Data excerpts
-------------------------
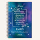 This personalized notebook for a niece features a vibrant blue and purple background with stars, a graduation cap, and diploma details. Customized with her name and graduation year, the inspiring quote adds a motivational touch. Perfect for journaling, planning, or capturing new goals, it is a thoughtful and practical way to celebrate her next chapter.
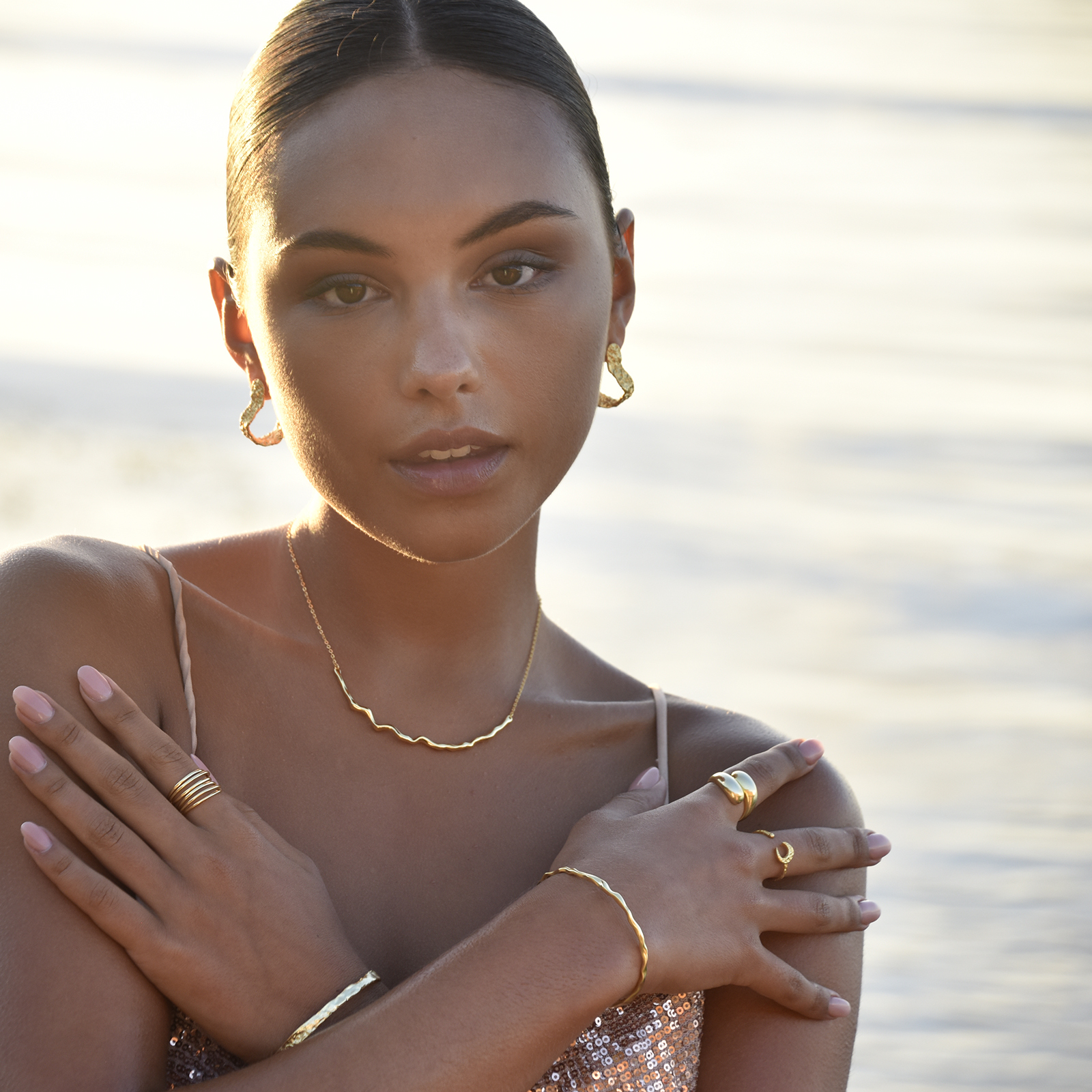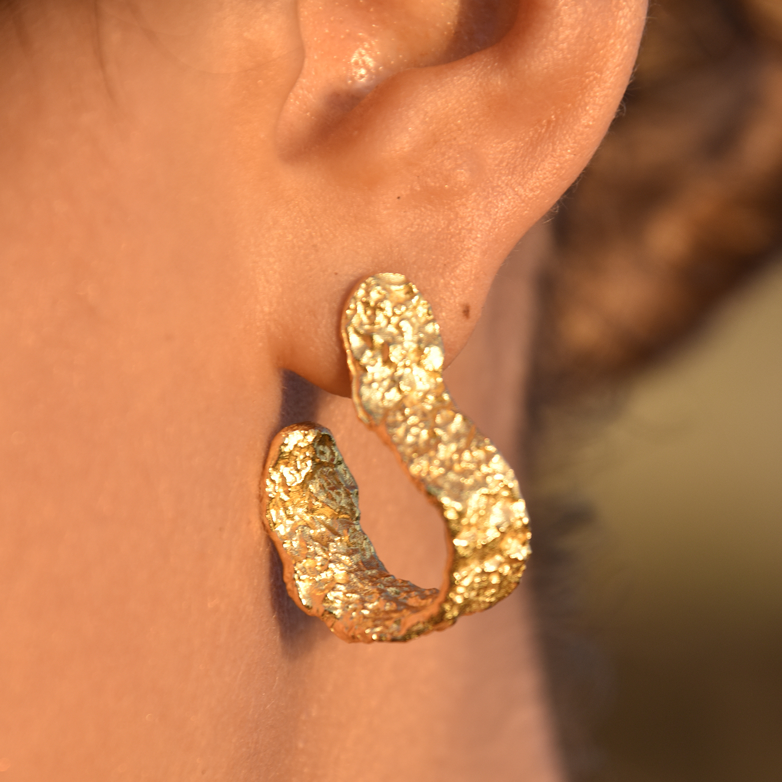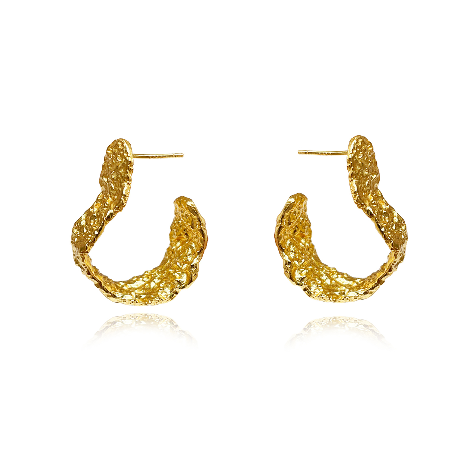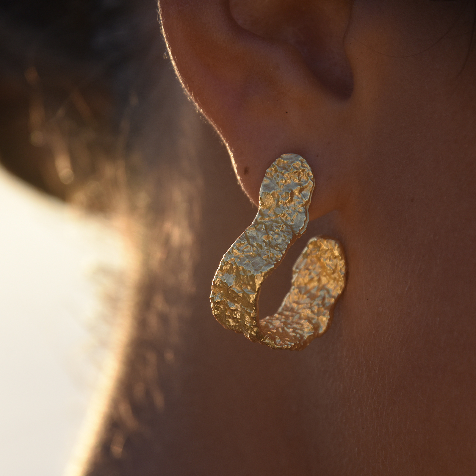 Introducing Amandine Artisan Sculptural Flow Earrings (Gold Vermeil) - an artisan crafted ear beauty inspired by coastal textures and the flow of the ocean. This design features sculptured curves resembling the natural undulation of waves representing the constant change and motion in life. The earrings are made in solid sterling silver with 2.5 microns of 18K gold plating for a noble gold shine and hypoallergenic wear. A flamboyant and artsy jewellery piece for modern, creative, high fashion, chic, coastal, smart casual styles and more. Perfect for a special gift/treat for yourself and your special ones that can be treasured for a lifetime. Hypoallergenic, nickel, lead, and cadmium free.
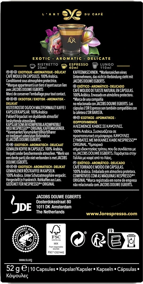 L’OR Espresso Limited Creations Laos Bolaven Koffiecups – Intensiteit 7/12 – 10 X 10 Capsules
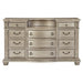 The Cavalier Collection exemplifies the finest in Old World European design inspiration. Egg and dart base moldings, bead molding, acanthus leaf carvings, and genuine marble inset top all blend to achieve an elegant addition for your traditional bedroom. The dresser’s beautiful details are accented by the silver finish on birch veneer. 68.5 x 21.5 x 41H
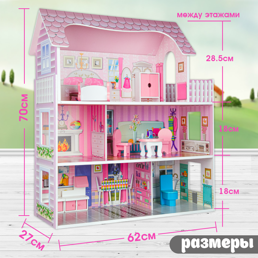 10 цен на Дом для кукол большой деревянный c мебелью, 70 см
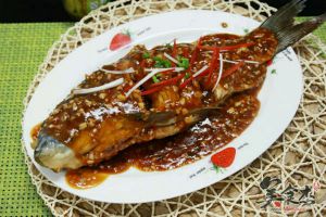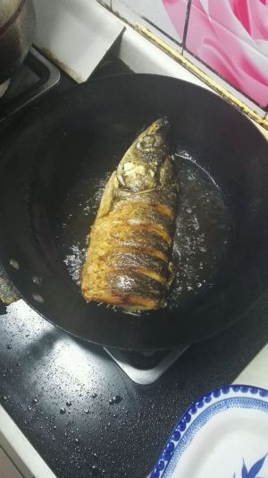 平底锅中放油七成热时将鱼放锅中煎,煎透后把鱼放置盘中,用锅中余油将蒜蓉和洋葱倒置锅中煸香出味放番茄酱,醋,白糖搅拌待白糖融化即可,然后慢慢淋在鱼身。好了,鱼就出盘了
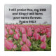 Beautiful field of tulips with Bible Verse of worship and praise: "I will praise You, my God and King; I will bless your name forever. Psalm 145:1"
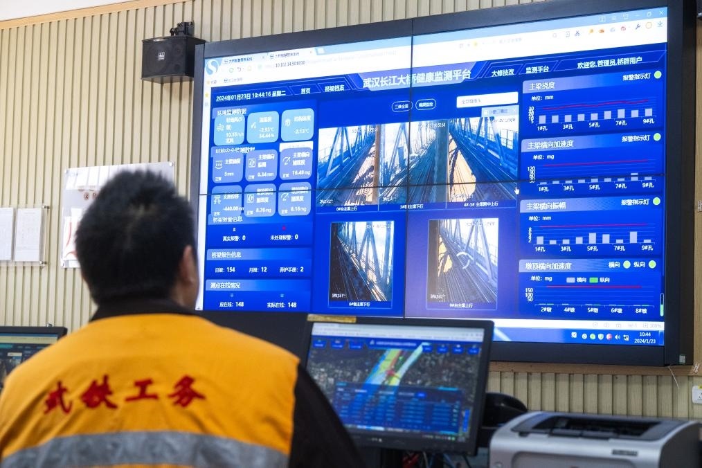 1月23日,武漢長(zhǎng)江大橋橋梁車間員工在主控室對(duì)武漢長(zhǎng)江大橋進(jìn)行監(jiān)測(cè)。新華社記者肖藝九 攝
-------------------------
- [THE TASK]: The answer must consist of the line containing "Introducing Amandine Artisan" and every line after it through the end of the records, retyped exactly, with all pictures left out.

- [TASK RESPONSE]:
 Introducing Amandine Artisan Sculptural Flow Earrings (Gold Vermeil) - an artisan crafted ear beauty inspired by coastal textures and the flow of the ocean. This design features sculptured curves resembling the natural undulation of waves representing the constant change and motion in life. The earrings are made in solid sterling silver with 2.5 microns of 18K gold plating for a noble gold shine and hypoallergenic wear. A flamboyant and artsy jewellery piece for modern, creative, high fashion, chic, coastal, smart casual styles and more. Perfect for a special gift/treat for yourself and your special ones that can be treasured for a lifetime. Hypoallergenic, nickel, lead, and cadmium free.
 L’OR Espresso Limited Creations Laos Bolaven Koffiecups – Intensiteit 7/12 – 10 X 10 Capsules
 The Cavalier Collection exemplifies the finest in Old World European design inspiration. Egg and dart base moldings, bead molding, acanthus leaf carvings, and genuine marble inset top all blend to achieve an elegant addition for your traditional bedroom. The dresser’s beautiful details are accented by the silver finish on birch veneer. 68.5 x 21.5 x 41H
 10 цен на Дом для кукол большой деревянный c мебелью, 70 см
 平底锅中放油七成热时将鱼放锅中煎,煎透后把鱼放置盘中,用锅中余油将蒜蓉和洋葱倒置锅中煸香出味放番茄酱,醋,白糖搅拌待白糖融化即可,然后慢慢淋在鱼身。好了,鱼就出盘了
 Beautiful field of tulips with Bible Verse of worship and praise: "I will praise You, my God and King; I will bless your name forever. Psalm 145:1"
 1月23日,武漢長(zhǎng)江大橋橋梁車間員工在主控室對(duì)武漢長(zhǎng)江大橋進(jìn)行監(jiān)測(cè)。新華社記者肖藝九 攝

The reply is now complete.